New US Tragedy: Farmer Suicides

Turbulence in US agriculture, the world’s leading exporter, leaves a mark on its economy and social structure. One cannot help but wonder about the broader public’s near indifference to such a decades-long crisis. Economic hardship compounded with farming-associated risks are among the main causes leading farmers to an ultimate act – taking their own lives. Looking at the US today, fields in Iowa and Nebraska are left unplanted. The Missouri River, through its broken levees, has repeatedly submerged its surrounding communities since March. Last year’s loans are left unpaid as those waiting for federal disaster relief or crop insurance witness a spoiled season. Parallel, dairy farms in New York are selling off their cows. Milk prices have been so low for so long that farmers cannot hold on. As farms foreclose, milk production swells with consolidation. Industrial holdings benefit year after year, ripping out small farmer’s economic and social fabric.

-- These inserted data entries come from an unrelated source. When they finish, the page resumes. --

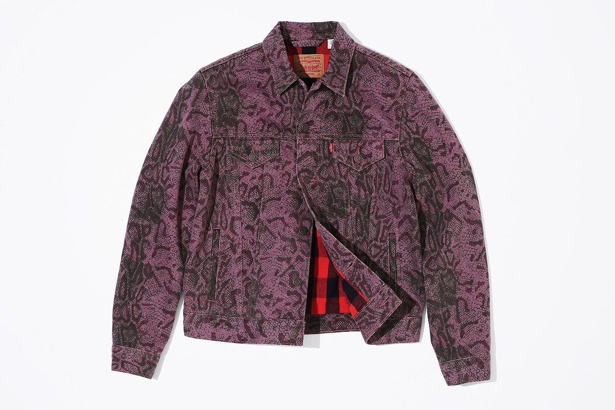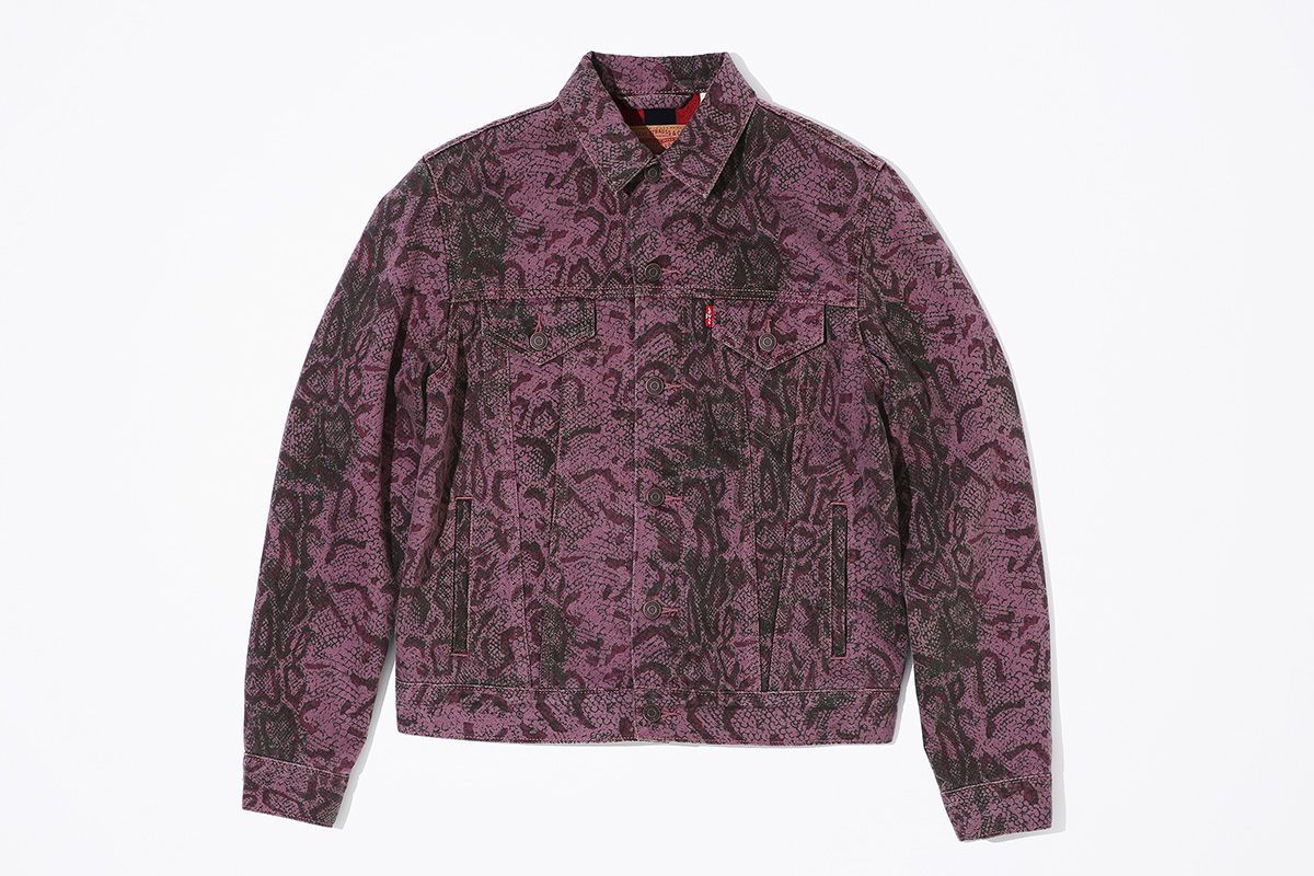 Il serpentato e il denim saranno i protagonisti indiscussi dei capi, casual e ovviamente in puro stile street. Must have sarà la salopette, presentata in tre differenti colori - viola, grigio e denim chiaro, che andranno poi a replicarsi sull'intera collezione. Ad accompagnare questo primo capo ci sarà la Trucker Jacket, elemento iconico del marchio Levi's, proposto nella medesima stampa.
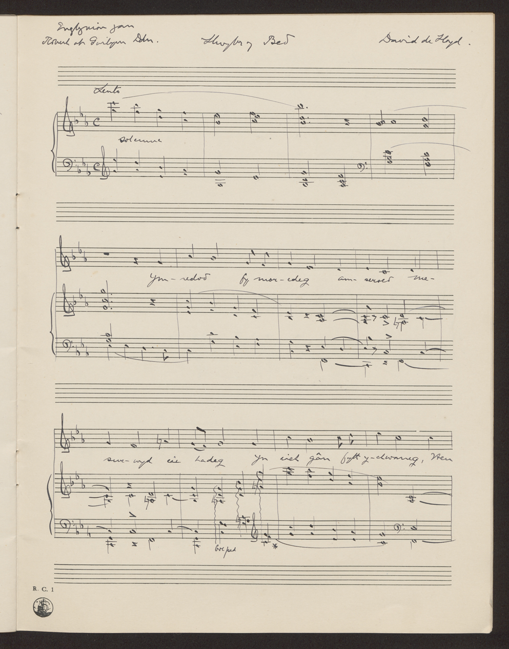 Although Welsh poetry boasts a long and distinguished tradition of the use of the strict metres of cynghanedd (a complex system of alliteration and internal rhymes), Welsh composers have been reluctant to set poetry in cynghanedd to music, because of the complexities and special requirements of the medium. David de Lloyd, like his older contemporary David Vaughan Thomas (1873–1934), felt that creating musical settings of poems in cynghanedd was the key to a national Welsh style in music, and he experimented particularly by setting englynion (four-line stanzas in cynghanedd), such as Englynion ar gân (1932), six englynion by T. Gwynn Jones, Dafydd Ddu Eryri and Robert ap Gwilym Ddu; Moes gusan (1935), a setting of englynion of unknown authorship; and Llys Ifor Hael (1943), a two-part setting of the familiar englynion by Ieuan Brydydd Hir which lament the ruined state of the court of a Welsh prince. De Lloyd may have viewed such attempts as a means of renewing the strong link that existed between Welsh poetry and music in the Middle Ages.
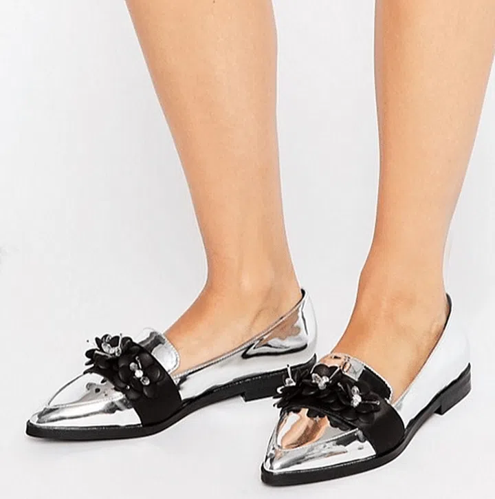 You can’t miss out on these chrome loafers! Slightly futuristic, it reminds us of Chanel’s space-inspired collection, especially the floral embellishments. We want all attention to be on these pair of flower loafers, so pair it with a simple shift dress.
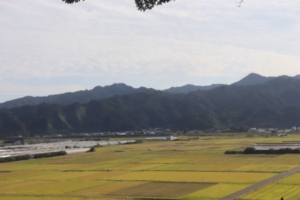展望所があって、南側は加江田の山々の東の端である。総合運動公園やサンマリーン球場や青島も見える。山の裾には田んぼが広がる。もう少しすれば、超早生米に向けて、田起こしが始まる。白鷺や烏が、耕運機の後をついて歩く。この時期の年中行事である。
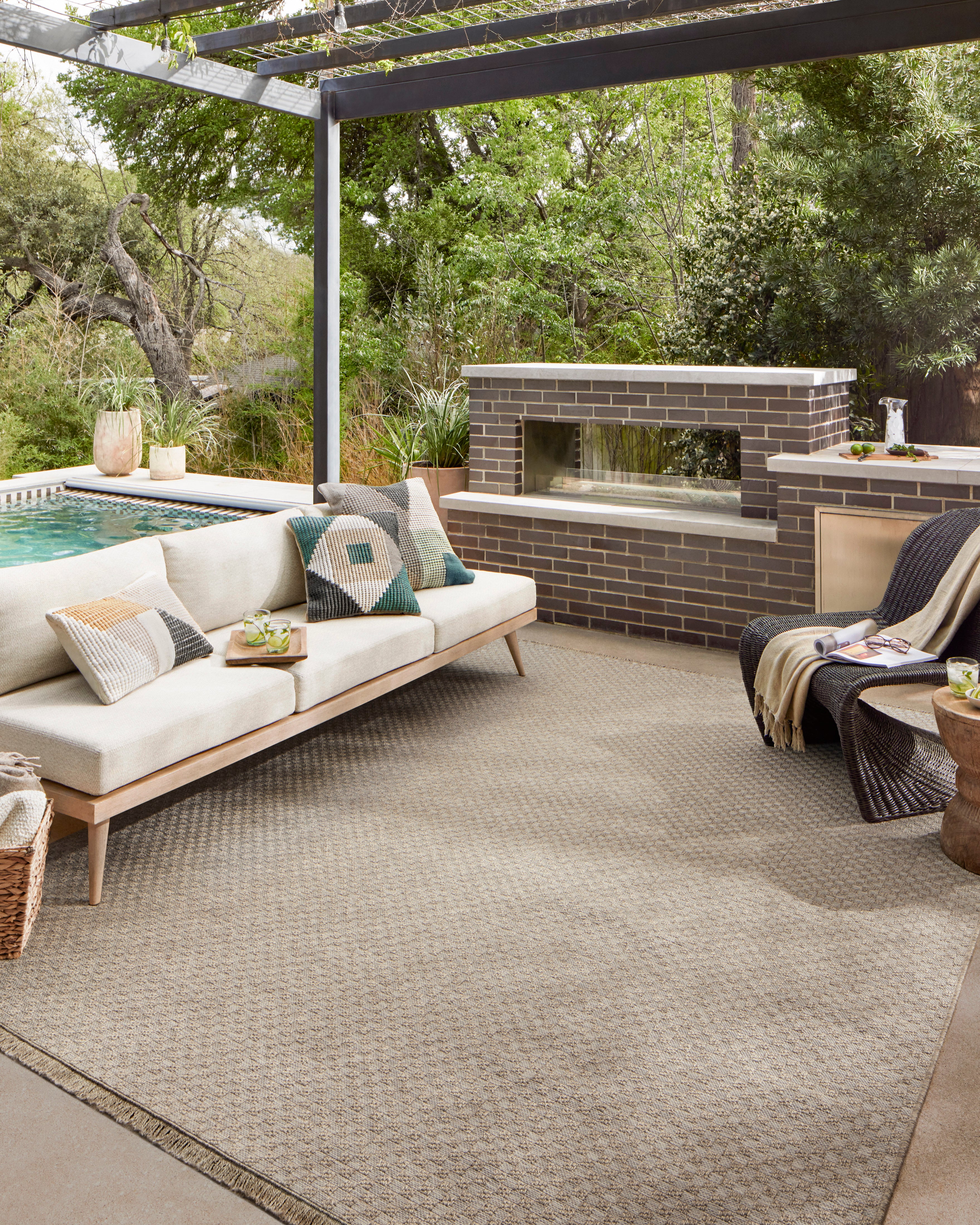 Creada para los días soleados, la Colección Dawn es una alfombra para interior y exterior con aspecto de sisal, pero tejida a máquina con 100 % polipropileno, lo que la hace resistente al agua y al moho (y también a la lluvia). Disponible con modernos estampados gráficos en tonos beige neutros, Dawn tiene un borde corto que le da un toque divertido y sofisticado a una alfombra que soporta mucho tránsito peatonal, ya sea en un patio o en un recibidor concurrido. Enjuague con una manguera cuando sea necesario.

Wider public interest in US farmer suicide sparked following a 2017 Guardian article shedding light on the fact that farmers are killing themselves at severe rates. Suicides among Farmers, Ranchers, and Managers in a 17-state survey ranked more than three times as high as the national average in 2012, and almost twice as high as the national average in 2015. Awareness eventually supported existing grassroots efforts to provide behavioral health services for agricultural populations and their rural communities. Last year, bipartisan Congressional interest led to passing the Facilitating Accessible Resources for Mental Health and Encouraging Rural Solutions For Immediate Response to Stressful Times (FARMERS FIRST) Act in the 2018 Farm Bill. The Act provides seed funding through the United States Department of Agriculture, reauthorizing the Farm & Ranch Stress Assistance Network (FRSAN) and providing helplines, suicide prevention, and support groups.

Nevertheless, an aversion to agricultural life and their rural populations has deepened to the point that farm stress is met by those who revel in it. Even farmer suicide – a transnational phenomenon unconfined to the US – has encountered a new kind of denier. Some view farmer disappearance as a form of progress that in the end, aligns with the “get big or get out” ideology.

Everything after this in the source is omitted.